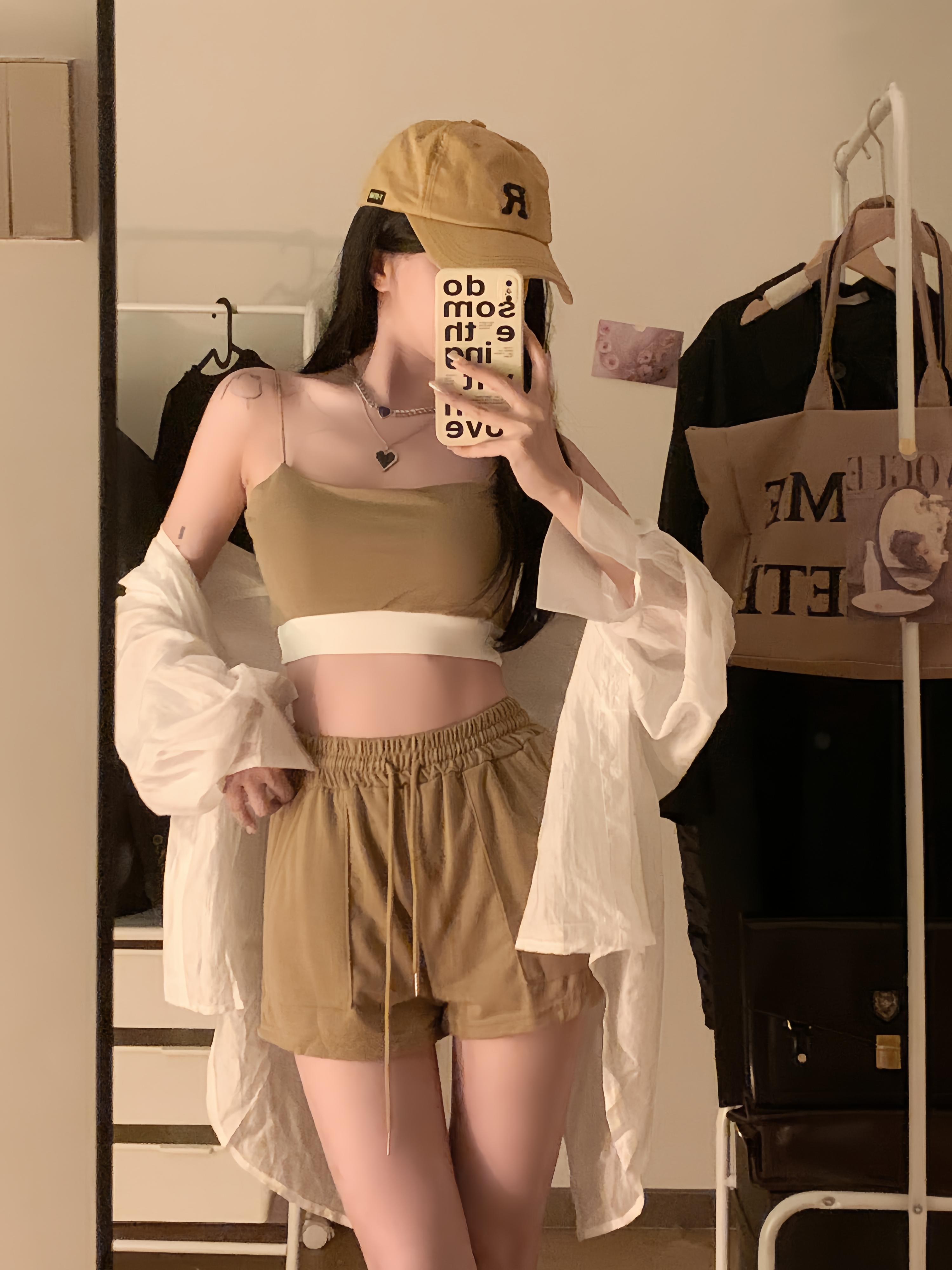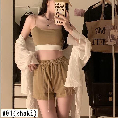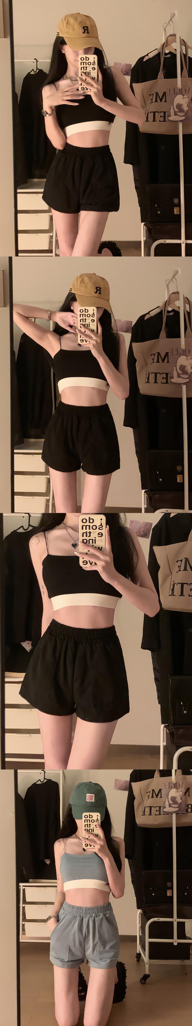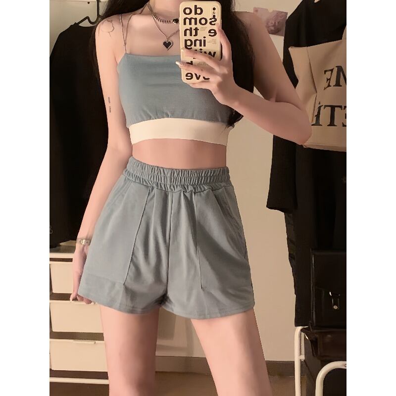 ホットガールスーツ夏スリムフィットキャミソールトップ弾性ウエストワイドレッグショーツ 2 点セット服 エラスティック 伸縮 サマー 夏物 ブルマー ワイドパンツ
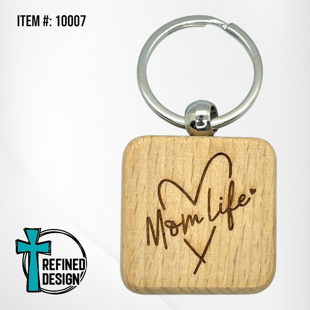 Design is laser engraved on this smooth wooden square keychain. Wooden disk is 1.57 x 1.57 inches and 0.7 cm / 0.28 inch / 7 mm thick. The key ring is a sturdy stainless steel.
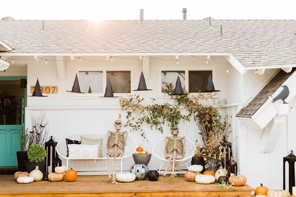 I linked all of my favorites from Pottery Barn at the end of this post, along with what I used to create the floating witch hats!
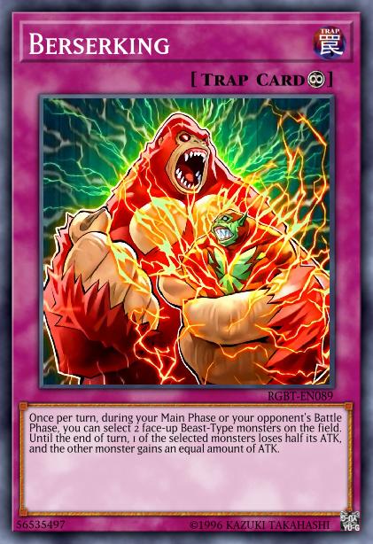 Once per turn, during your Main Phase or your opponent's Battle Phase, you can select 2 face-up Beast-Type monsters on the field. Until the end of turn, 1 of the selected monsters loses half its ATK, and the other monster gains an equal amount of ATK.
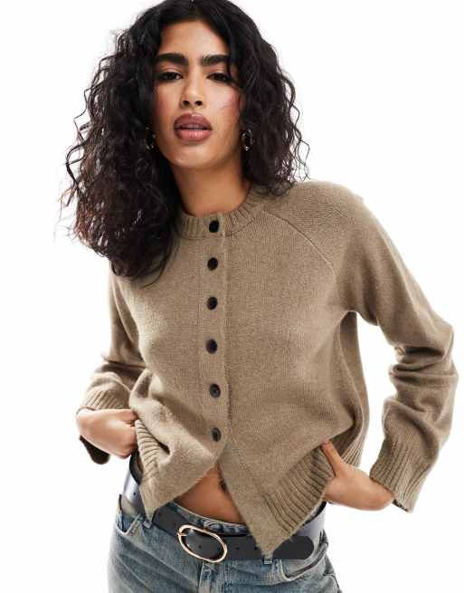 ASOS DESIGN – Mockabrun, stickad kofta med rund halsringning, slitsad fåll och kontrastfärgade knappar
────────────────────────────────────────
DIRECTIONS → Reproduce, word for word, every line from the start of the records down to and including the line with "I linked all"; skip the pictures.

TASK RESULT →
 ホットガールスーツ夏スリムフィットキャミソールトップ弾性ウエストワイドレッグショーツ 2 点セット服 エラスティック 伸縮 サマー 夏物 ブルマー ワイドパンツ
 Design is laser engraved on this smooth wooden square keychain. Wooden disk is 1.57 x 1.57 inches and 0.7 cm / 0.28 inch / 7 mm thick. The key ring is a sturdy stainless steel.
 I linked all of my favorites from Pottery Barn at the end of this post, along with what I used to create the floating witch hats!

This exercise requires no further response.